Acceptance Criterion (Implicit for 510(k))	Reported Device Performance (as per substantial equivalence claim)
Same or similar intended use	"has the same or similar indicated use"
Same operating principle	"use the same operating principle"
Same basic design	"incorporate the same basic design"
Manufactured by same machinery	"is manufactured by same machinery"
Packaged and sterilized using same materials and processes	"is packaged and sterilized using the same materials and processes"
No new questions of safety or effectiveness	Implied by the FDA's substantial equivalence determination

2. Sample size used for the test set and the data provenance (e.g., country of origin of the data, retrospective or prospective)

• Not applicable.

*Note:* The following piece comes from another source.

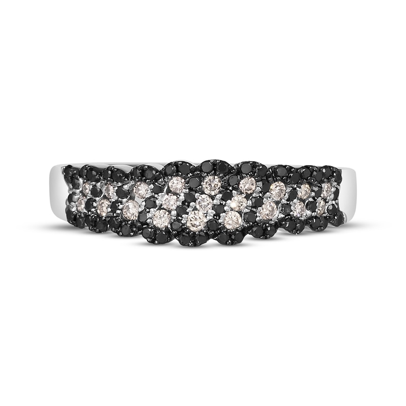 Add a dramatic touch to your look with this ring from Le Vian®. Crafted in 14K Vanilla Gold®, the decorated band shimmers with round-cut Nude Diamonds™ outlined by round-cut Blackberry Diamonds for a total diamond weight of 3/8 carat. Le Vian®. Discover the Legend. This ring is available in limited sizes. If you don't see your size here, please visit a store to order your ring.

This 510(k) submission relies on demonstrating substantial equivalence to predicate devices, not on new clinical study data with a specific test set. The document leverages information about previously cleared devices.

3. Number of experts used to establish the ground truth for the test set and the qualifications of those experts (e.g., radiologist with 10 years of experience)

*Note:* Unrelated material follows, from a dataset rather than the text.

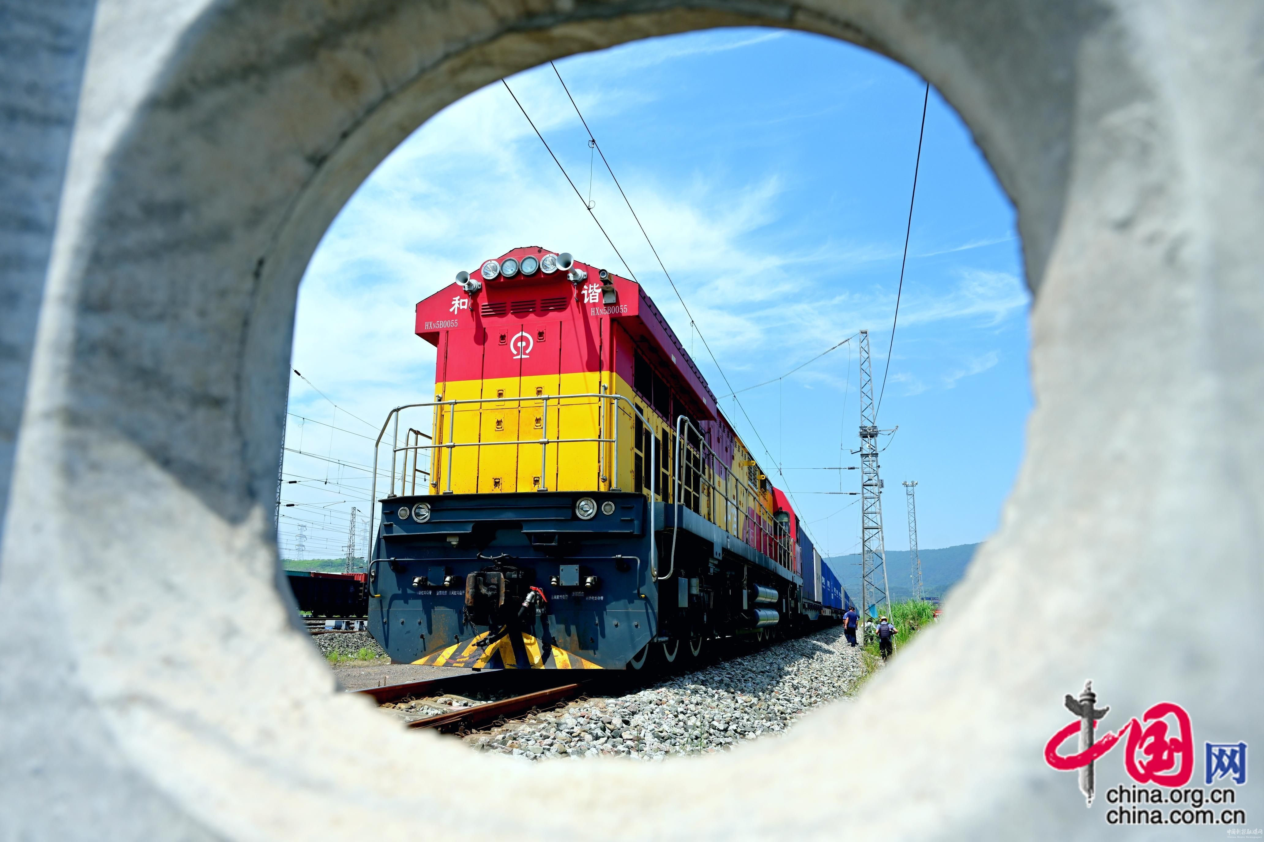 7月18日,滿載貨物的西部陸海新通道班列在魚嘴站正準備發(fā)車。中國網發(fā) 雷釗/攝

• Not applicable. No new clinical study data with ground truth establishment is described in this 510(k) submission.

4. Adjudication method (e.g., 2+1, 3+1, none) for the test set

• Not applicable. No new clinical study data with adjudication is described in this 510(k) submission.

5. If a multi-reader multi-case (MRMC) comparative effectiveness study was done, If so, what was the effect size of how much human readers improve with AI vs without AI assistance

• Not applicable. This is a device for bone fixation, not an AI/imaging diagnostic device. No MRMC study was conducted or is relevant to this 510(k).

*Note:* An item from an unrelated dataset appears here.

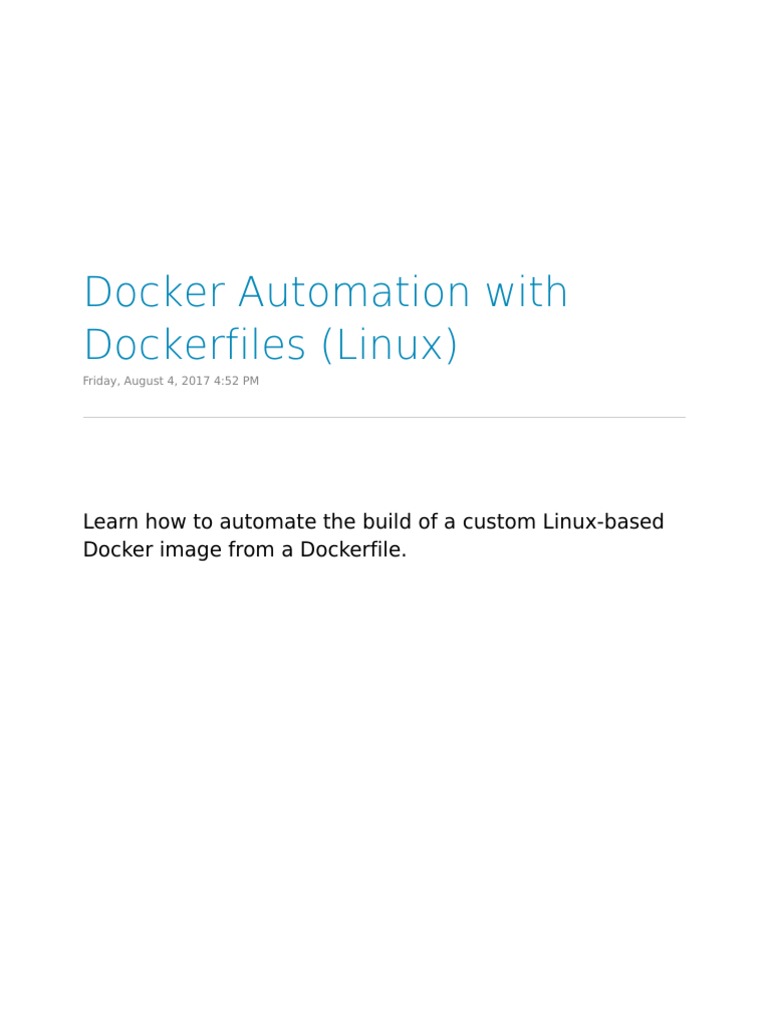 This workshop will show you how to automate the building and configuring of a Linux-based Docker

6. If a standalone (i.e., algorithm only without human-in-the-loop performance) was done

• Not applicable. This is a physical medical device (bone fixation pin), not an algorithm or software.

7. The type of ground truth used (expert consensus, pathology, outcomes data, etc.)

• Not applicable. No new clinical study data requiring ground truth is described in this 510(k) submission. The "ground truth" for this submission is the regulatory precedent set by the predicate devices.

8. The sample size for the training set

• Not applicable. No training set for an algorithm or new clinical data is described.

9. How the ground truth for the training set was established

• Not applicable. No training set or ground truth establishment relevant to an algorithmic or novel device performance study is described here.